__Dataset items__
BEGIN

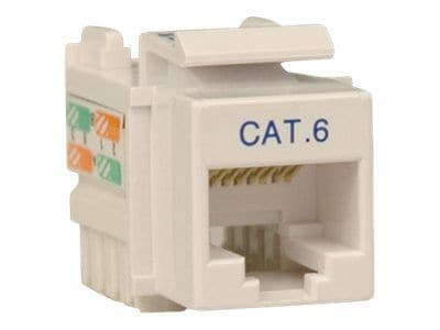 Tripp Lite 110 Style punch down keystone jack in white color has RJ-45 female network connectors and provides flexibility for UTP Ethernet. Jack has patterned printed circuit board construction which is designed to meet CAT6 performance.
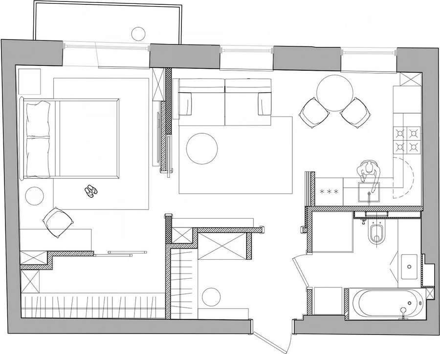 Az eredeti elosztás nem felelt meg a férfinak, mivel fontos szempont volt egy gardróbszoba és elegendő tárolóhely kialakítása, a nappalit és konyhát pedig szerette volna egy térré alakítani.
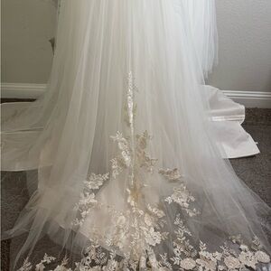 Strapless white dress with floral lace details. Flowing tulle skirt. Ideal for elegant occasions.
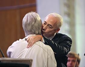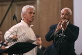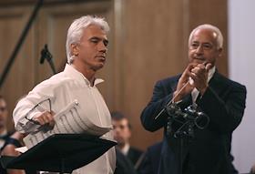 Певец Дмитрий Хворостовский (слева) и президент Московского Международного Дома музыки (ММДМ), дирижер Владимир Спиваков (справа) во время концерта в рамках проведения IV-ого Международного фестиваля "Владимир Спиваков приглашает". Концерт прошел в Большом зале консерватории.
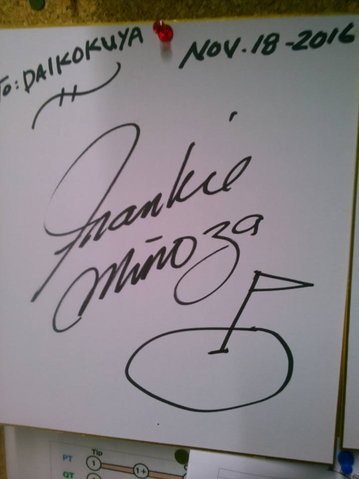 店内には、一緒に遊びに来てくれたフランキー・ミノザプロ、グレゴリー・マイヤープロと撮影した写真や、頂いたサインを掲示しておりますので、ご覧ください。
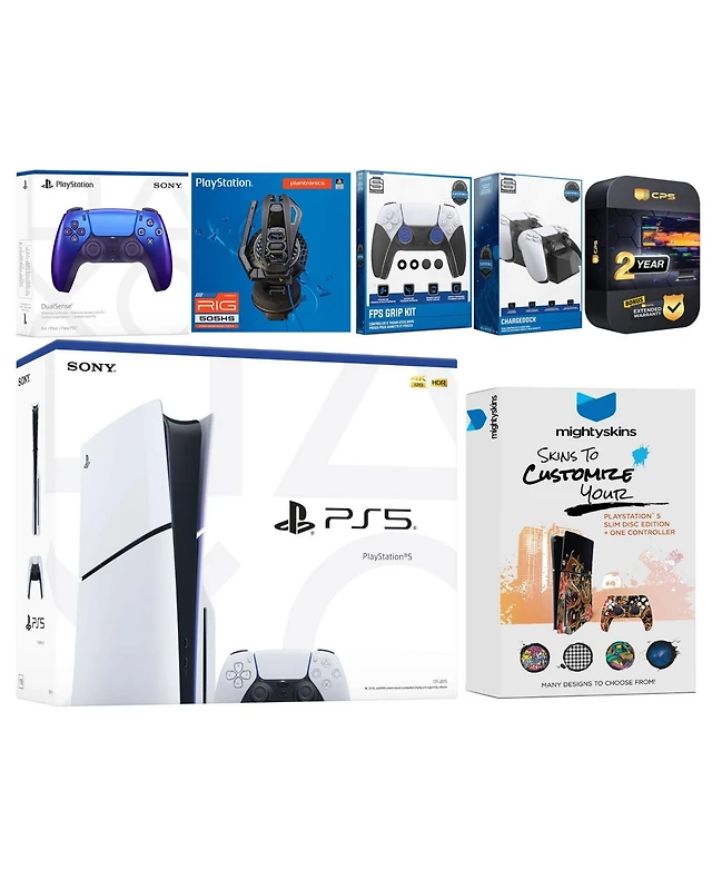 Sony Playstation 5 Slim Digital with Extra Edge Controller, Plantronics Headset, Fps Grip Kit, Charge Dock and MightySkins Decal Voucher + 1 Year Cps
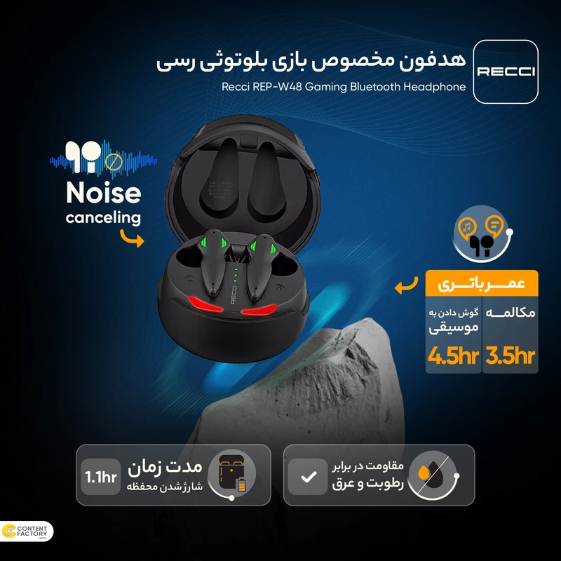 هدفون مخصوص بازی بلوتوثی رسی مدل REP-W48 از محصولات پرطرفدار گیمینگ است که با توجه به ویژگیها و حتی طراحی ظاهری بسیار جذاب خود، به راحتی میتواند نظر مثبت خریداران و کاربرانش را به خود جلب کند. این هدفون بلوتوثی با ارائهی زمان تاخیر بسیار پایین، میتواند تجربهای جذاب و همچنین دقیق از انجام بازیهای ویدیویی را ارائه کند. همچنین، قابلیت انتخاب حالت بین بازی و موسیقی یکی از ویژگیهای قابل تامل این محصول است که ارزش خرید آن را دو چندان میکند. برای این هدفون قطر درایور 13 میلیمتری در نظر گرفته شده است تا صدای واضحتر و قدرتمندتری تولید و پخش شود و در نتیجه تجربهی شنیداری جذابتری را فراهم کند. از جمله ویژگیهای مهم دیگر این هدفون میتوان به شارژدهی تا 3.5 ساعت در حالت مکالمه، تا 4.5 ساعت در حالت پخش موسیقی و شارژدهی مجموع تا 30 ساعت به کمک محفظه شارژر اشاره کرد.
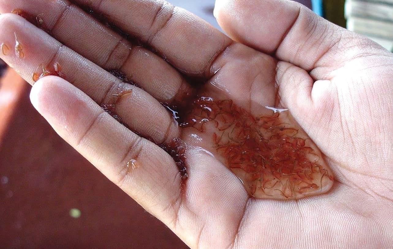 - Dịch tiết của cơ thể (bao gồm cả máu) có màu trắng đục như sữa, số lượng tế bào máu giảm nhiều so với tôm bình thường, máu khó đông.

END

__Directions__
Could you write out every line above exactly as it stands, with no images?

__Written reply__
 Tripp Lite 110 Style punch down keystone jack in white color has RJ-45 female network connectors and provides flexibility for UTP Ethernet. Jack has patterned printed circuit board construction which is designed to meet CAT6 performance.
 Az eredeti elosztás nem felelt meg a férfinak, mivel fontos szempont volt egy gardróbszoba és elegendő tárolóhely kialakítása, a nappalit és konyhát pedig szerette volna egy térré alakítani.
 Strapless white dress with floral lace details. Flowing tulle skirt. Ideal for elegant occasions.
 Певец Дмитрий Хворостовский (слева) и президент Московского Международного Дома музыки (ММДМ), дирижер Владимир Спиваков (справа) во время концерта в рамках проведения IV-ого Международного фестиваля "Владимир Спиваков приглашает". Концерт прошел в Большом зале консерватории.
 店内には、一緒に遊びに来てくれたフランキー・ミノザプロ、グレゴリー・マイヤープロと撮影した写真や、頂いたサインを掲示しておりますので、ご覧ください。
 Sony Playstation 5 Slim Digital with Extra Edge Controller, Plantronics Headset, Fps Grip Kit, Charge Dock and MightySkins Decal Voucher + 1 Year Cps
 هدفون مخصوص بازی بلوتوثی رسی مدل REP-W48 از محصولات پرطرفدار گیمینگ است که با توجه به ویژگیها و حتی طراحی ظاهری بسیار جذاب خود، به راحتی میتواند نظر مثبت خریداران و کاربرانش را به خود جلب کند. این هدفون بلوتوثی با ارائهی زمان تاخیر بسیار پایین، میتواند تجربهای جذاب و همچنین دقیق از انجام بازیهای ویدیویی را ارائه کند. همچنین، قابلیت انتخاب حالت بین بازی و موسیقی یکی از ویژگیهای قابل تامل این محصول است که ارزش خرید آن را دو چندان میکند. برای این هدفون قطر درایور 13 میلیمتری در نظر گرفته شده است تا صدای واضحتر و قدرتمندتری تولید و پخش شود و در نتیجه تجربهی شنیداری جذابتری را فراهم کند. از جمله ویژگیهای مهم دیگر این هدفون میتوان به شارژدهی تا 3.5 ساعت در حالت مکالمه، تا 4.5 ساعت در حالت پخش موسیقی و شارژدهی مجموع تا 30 ساعت به کمک محفظه شارژر اشاره کرد.
 - Dịch tiết của cơ thể (bao gồm cả máu) có màu trắng đục như sữa, số lượng tế bào máu giảm nhiều so với tôm bình thường, máu khó đông.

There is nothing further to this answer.